# taz.de -- Aufrüstung als Sackgasse: Militärische Zeitenwende
       
       > Die aktuelle Aufrüstungspolitik führt in eine Sackgasse. Daher sollten
       > wir uns dringend vom Mythos der propagierten Wehrhaftigkeit
       > verabschieden.
       
 (IMG) Bild: Kann er uns den Weg weisen? Kommandeur beim feierlichen Gelöbnis der Rekruten der Logistikbataillone
       
       Neulich diskutierte ich beim Steirischen Herbst, einem Festival für
       zeitgenössische Kunst in Graz, mit einem General über Aufrüstung (mein
       Wort) beziehungsweise Nachrüstung (sein Wort). Unsere Positionen waren nur
       ein Präfix voneinander entfernt – und doch lagen Welten dazwischen. Einig
       waren wir uns nur hierin: Krieg ist die brutalste Form der Inhumanität und
       die dümmste Form, Konflikte zu lösen.
       
       Doch leider sei die Welt so und nicht anders, sagte der General, sie zwinge
       uns also, immer mehr in Sicherheit zu investieren. Deswegen die regelrechte
       Explosion der Ausgaben: Die weltweiten Militärausgaben erreichten 2024
       einen Rekordwert von 2,718 Billionen US-Dollar, ein Anstieg von 9,4 Prozent
       gegenüber dem Vorjahr. 2024 markierte das zehnte Jahr in Folge mit
       steigenden Militärausgaben. Dabei machen die fünf größten Militärmächte –
       USA (997 Milliarden), China (314 Milliarden), Russland (149 Milliarden),
       Deutschland (88,5 Milliarden) und Indien (86 Milliarden) 60 Prozent der
       weltweiten Ausgaben aus. Die europäischen Nato-Ausgaben wuchsen von 2014
       bis 2024 um über 70 Prozent. Die Behauptung, „wir“ hätten das Militär
       sträflich unterfinanziert, ist schlichtweg falsch.
       
       Nachrüstung sei notwendig, weil Europa wehrhafter werden müsse, sagen die
       FürsprecherInnen.
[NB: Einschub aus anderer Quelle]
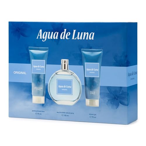AGUA DE LUNA - Cologne Original 100 ml + Gel Bain 75 ml + Lait Corps 75 ml, Coffret Cadeau Femme, Eau de Toilette Naturelle et Féminine, Arôme Floral, Parfum Frais et Longue Durée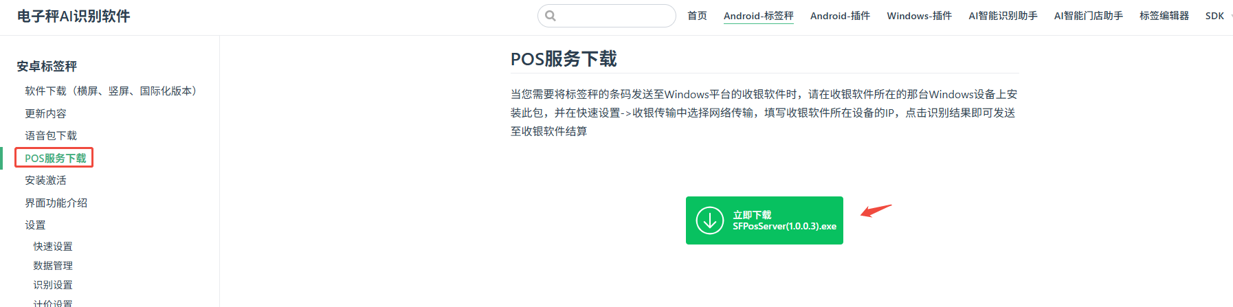 (1)准备工作先到食方官网上 https://scale.shifang.co/scale/app/Android-app4.0.html 下载POS服务包,这服务包安装在win收银机上,直接下载安装好即可。
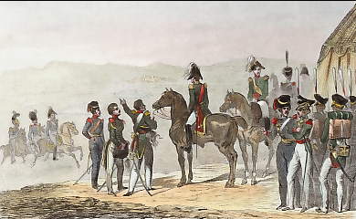 France. Original lithography (by Raffet), printed by Auguste Bry. 1846. Very good condition. Hand-coloured. 25x17,5cm. Matted.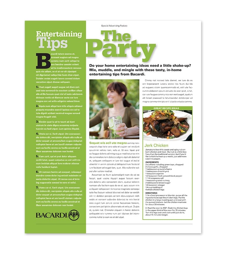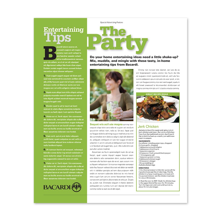 This advertorial concept was developed to work with a full page ad placement by the targeted advertiser. Creating a spread layout with financial incentives for the client, this content would focus on the readers’ use of the product. Food, beverage and entertainment, recipes and celebration ideas that would involve the products of Bacardi or similar brands. The editorial content would present seasonal, holiday and event themes that would engage the readers’ lifestyle and its application of the advertisers product.

Doch schon jetzt sind die europäischen Nato-Staaten
       hinsichtlich Wirtschaftsleistung, Verteidigungsausgaben und Waffensystemen
       Russland klar überlegen. Wer profitiert also von der neuen Aufrüstung?
       
       Ganz sicher nicht die Mehrheit der Bevölkerung, sondern eine Rüstungslobby
       aus Politik, Industrie und Militär, für die der Angstzustand das beste
       Geschäftsmodell bleibt. Zentralisierte Verwaltungssysteme neigen dazu, die
       Welt um sich herum zu vereinfachen, die eigenen Möglichkeiten zu
       überschätzen und andere Sichtweisen nicht zu akzeptieren. So entsteht ein
       in sich geschlossenes System von Sonderinteressen, das kaum reformierbar
       ist.
       
       ## Militarisierung frisst Debattenkultur
       
       Während Sozialwohnungen, Kitas und Windräder fehlen, blättert die
       „Zeitenwende“ Milliarden für Drohnen und Panzer hin – 28 Prozent mehr
       Militärausgaben in einem Jahr. Die Militarisierung frisst nicht nur den
       eigenen Haushalt, sondern auch Geist und Debattenkultur. Zugleich
       verschärft die Militarisierung systematisch die bestehenden Krisen und
       Ungleichheiten. Militärausgaben werden immer öfter als alternativlos
       dargestellt, die demokratische Kontrolle zerbröselt unter dem Diktat der
       Sicherheit.
       
       Intransparente Vergabepraktiken, Kostenexplosionen, Lobbyismus und ein
       Drehtüreffekt zwischen Verteidigungsministerium und Konzernetagen sind zum
       Alltag geworden. Oder mit den Worten der Rocklegende Frank Zappa: „Die
       Regierung ist die Unterhaltungsabteilung des militärisch-industriellen
       Komplexes.“ Transparency International beziffert, dass rund 40 Prozent der
       Korruption im Welthandel beim Waffenhandel stattfinden – ein Skandal, den
       man hierzulande selten in Talkshows verhandelt.
       
       Verdrängt werden auch die ökologischen Kosten dieser Maschinerie. Das
       Militär ist für etwa 5,5 Prozent der globalen CO₂-Emissionen
       verantwortlich, als Land wäre es weltweit der viertgrößte Klimasünder. Die
       aktuellen Nato-Aufrüstungspläne bedeuten schon jetzt jährlich 200 Millionen
       Tonnen zusätzliches CO₂ fast ein Drittel der gesamten deutschen Emissionen.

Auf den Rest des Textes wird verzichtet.